The new ESC guidelines are published online: HERE.
- New ESC guidelines recommend the use of combination therapies such as glucagon-like peptide-1 receptor agonists (GLP-1 RA) along with SGLT2i, rather than one or the other – as is currently recommended.
- This change reflects the unmet need for cardiovascular risk reduction in patients taking GLP-1 RA – including AstraZeneca’s Bydureon (exenatide), Novo Nordisk’s Victoza (liraglutide) and Ozempic (semaglutide), and Eli Lilly’s Trulicity (dulaglutide) – or SGLT2i – including AstraZeneca’s Farxiga (dapagliflozin), Janssen’s Invokana (canagliflozin), and Boehringer Ingelheim and Eli Lilly’s Jardiance (empagliflozin).
- The guidelines’ authors noted that a recent meta-analysis of major cardiovascular outcome trails found a pooled 10% hazard reduction in major adverse cardiac events (MACE; a composite of cardiovascular death, heart attack, and stroke) with SGLT2i treatment, and a 15% MACE hazard reduction with GLP-1 RA treatment.
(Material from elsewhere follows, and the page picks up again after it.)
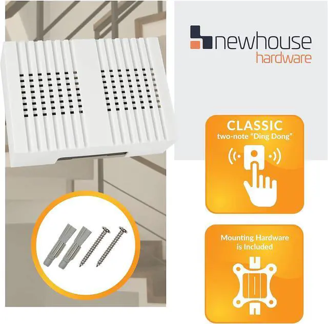 QUALITY: Doorbell chime maintains a texured white modern finish. Easy to install to your doorbell button and doorbell transformer. 2-year limited warranty.

“We have long believed that combining therapies can prove to be an effective strategy in reducing cardiovascular risk in the type 2 diabetes population and we are very encouraged to see that the ESC is emphasizing this combinatorial approach in their treatment guidelines,” said Donald McCaffrey, CEO at Resverlogix. “In BETonMACE, we saw a 63% hazard reduction in MACE and heart failure hospitalizations among patients treated with apabetalone, who were already taking an SGLT2i or DPP4i [dipeptidyl peptidase-4 inhibitor]. Once approved, we believe that apabetalone in combination with glucose lowering agents such as SGLT2i will further improve outcomes and benefit patients.”
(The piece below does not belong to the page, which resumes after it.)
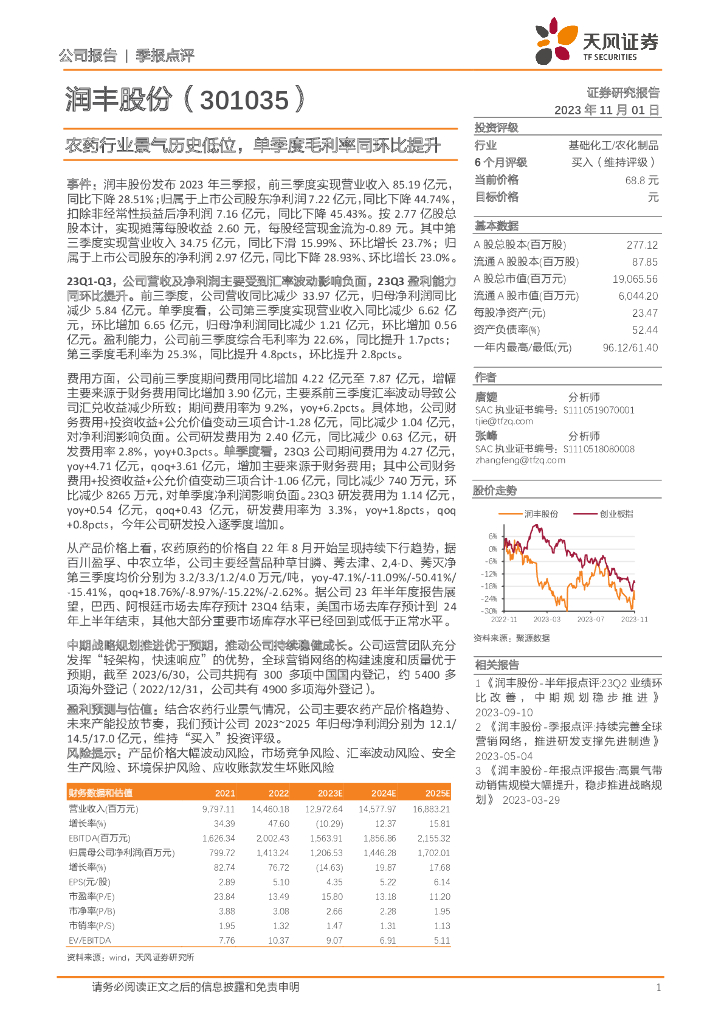 天风证券:润丰股份(301035)-农药行业景气历史低位,单季度毛利率同环比提升.pdf

BETonMACE2, Resverlogix’s planned, Phase 3, cardiovascular outcomes trial of apabetalone, in patients with type 2 diabetes who are taking SGLT2i, is expected to begin next year.
Apabetalone (RVX-208), is a first-in-class, small molecule, therapeutic candidate with an epigenetic mechanism of action. It is a BD2 (bromodomain) selective BET (bromodomain and extra-terminal) inhibitor that works in preventing and treating disease by regulating the expression of disease-causing genes.
Due to the extensive role for BET proteins in the human body, apabetalone can simultaneously target multiple disease-related biological processes, representing a new way to treat chronic disease. Apabetalone is the only drug of its class that is well tolerated for chronic administration, with an established safety record in human clinical trials, including over 4200 patient-years of safety data across ten trials.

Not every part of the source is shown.